You got to know when to hold ’em, know when to fold ’em,
Know when to walk away and know when to run.
You never count your money when you’re sittin’ at the table.
There’ll be time enough for countin’ when the dealin’s done.
Kenny Rogers makes it sound simple in “The Gambler,” but when it comes to “knowing when to fold ’em” in investing, determining when to sell a stock can be much more difficult than picking a stock to buy. There are many reasons for this; here are a few.
- Emotions. Despite their honest efforts to leave emotion out of investing, investors often find themselves selling too soon based on a knee-jerk reaction to bad news that doesn’t change the company’s long-term prospects — or refusing to sell due to an attachment to a stock despite a deterioration of its long-term outlook.

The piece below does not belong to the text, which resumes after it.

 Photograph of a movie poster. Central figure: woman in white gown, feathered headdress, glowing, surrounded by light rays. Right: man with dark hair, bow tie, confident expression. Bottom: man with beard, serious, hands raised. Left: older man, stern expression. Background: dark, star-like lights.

- Anchoring and other biases. As detailed in a series of articles by Fool contributor Brian Stoffel, investors can often be their own worst enemy by focusing on data points that shouldn’t factor in investment decisions. If a stock has dropped by 50% in the past year, many shareholders will be thinking, “The stock is so cheap now that it can’t drop any more,” and, “I’ll sell when it gets back to the price I paid.” Looking backward instead of forward can be a dangerous mistake for investors.

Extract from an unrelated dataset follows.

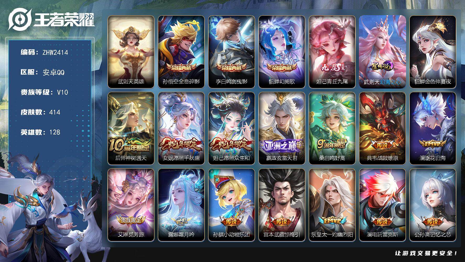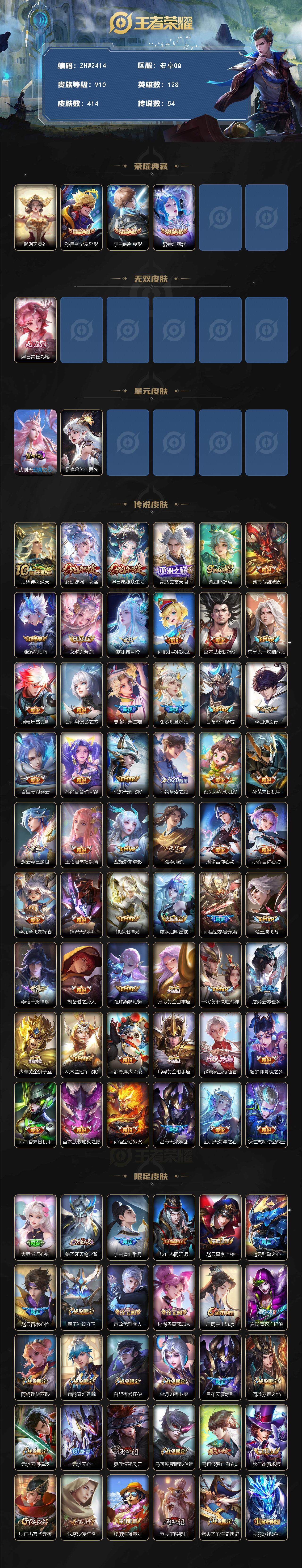 [15083690]可二次,【店主推荐捡漏号!可直接换绑】安卓Q-V10-最强王者段位-128英雄-414皮肤-3典藏皮肤-1典藏英雄-1无双-54传说-137史诗 【英雄全皮】:刘邦全皮,鬼谷子全皮,夏洛特全皮,影全皮 【荣耀典藏】:武则天英雄,孙悟空全息碎影,李白鸣剑曳影,貂蝉幻阙歌 【无双皮肤】:妲己青丘九尾 【传说皮肤】:后羿神树通天,女娲愿照千秋盛,妲己愿照众生和,嬴政玄雷天君,桑启鸣野蒿,典韦战鼓燎原,澜逐花归海,艾琳觅芳踪,露娜霜月吟,孙膑小动物乐团,宫本武藏惊梅引,东皇太一灼幽烈阳,澜电玩雷克斯,公孙离记忆之芯,夏洛特浮生妄,伽罗炽翼辉光,吕布怒海麟威,李白诗剑行,百里守约碎云,孙尚香音你闪耀,马超无双飞将,孙策挚爱之约,蔡文姬花朝如约,孙策末日机甲,赵云淬星耀世,王昭君乞巧织情,西施游龙清影,曜李逍遥 ,周瑜音你心动,小乔音你心动,李元芳飞鸢探春,铠绛天战甲,镜炽阳神光,虞姬启明星使,孙悟空零号赤焰,曜云鹰飞将,李信一念神魔,刘备时之恋人,貂蝉猫影幻舞,张良黄金白羊座,干将莫邪久胜战神,虞姬云霓雀翎,达摩黄金狮子座,花木兰冠军飞将,梦奇胖达荣荣,后羿黄金射手座,诸葛亮武陵仙君,貂蝉仲夏夜之梦,孙尚香末日机甲,宫本武藏地狱之眼,孙悟空地狱火,吕布天魔缭乱,武则天海洋之心,狄仁杰超时空战士 【限定皮肤】:大乔绒语心约,姜子牙天穹之誓,李白谪仙醉月,狄仁杰阴阳师,赵云皇家上将,赵云引擎之心,赵云百木心枪,墨子神迹守卫,嬴政优雅恋人,孙尚香蔷薇恋人,庄周高山流水,高渐离死亡摇滚,阿轲迷踪丽影,扁鹊奇幻香踪,白起夜都怪侠,芈月幻夜卜梦,吕布天魔缭乱,周瑜赤莲之焰,元歌云间偶戏,元歌无心,夏侯惇朔风刀,马可波罗暗影游猎,马可波罗山海玄木吟,狄仁杰魔术师,狄仁杰万华元夜,达摩沙漠行僧,项羽海滩派对,老夫子醍醐杖,老夫子航海奇遇记,关羽冰锋战神,程咬金演武夺筹,刘邦夺宝奇兵,韩信逐梦之影,韩信飞衡,王昭君午后时光,兰陵王驯魔猎人,兰陵王金庭之子,亚瑟潮玩骑士王,孙悟空至尊宝,孙悟空大圣娶亲,孙悟空零号赤焰,牛魔御旌,后羿圣弓游侠,李元芳银河之约,李元芳云中旅人,虞姬启明星使,钟馗驱傩正仪,杨戬潮玩骑兵,干将莫邪冰霜恋舞曲,干将莫邪真爱魔法,雅典娜单词大作战,雅典娜黎明之约,鬼谷子原初探秘者,鬼谷子五谷丰年,诸葛亮武陵仙君,黄忠火炮绅士,苏烈千军破阵,百里玄策原初追逐者,百里守约朱雀

- Drawback of buy and hold. The benefits of a long-term buy-and-hold strategy have been widely popularized by investing greats like Warren Buffett and Benjamin Graham. Buy-and-hold investing has helped many investing greats achieve staggering success, and it spares average investors from many of the brokerage fees, capital-gains taxes, and other transaction fees that can erode their returns. While this strategy has proven successful countless times, investors’ efforts to stay true to this philosophy can keep them from selling when they should.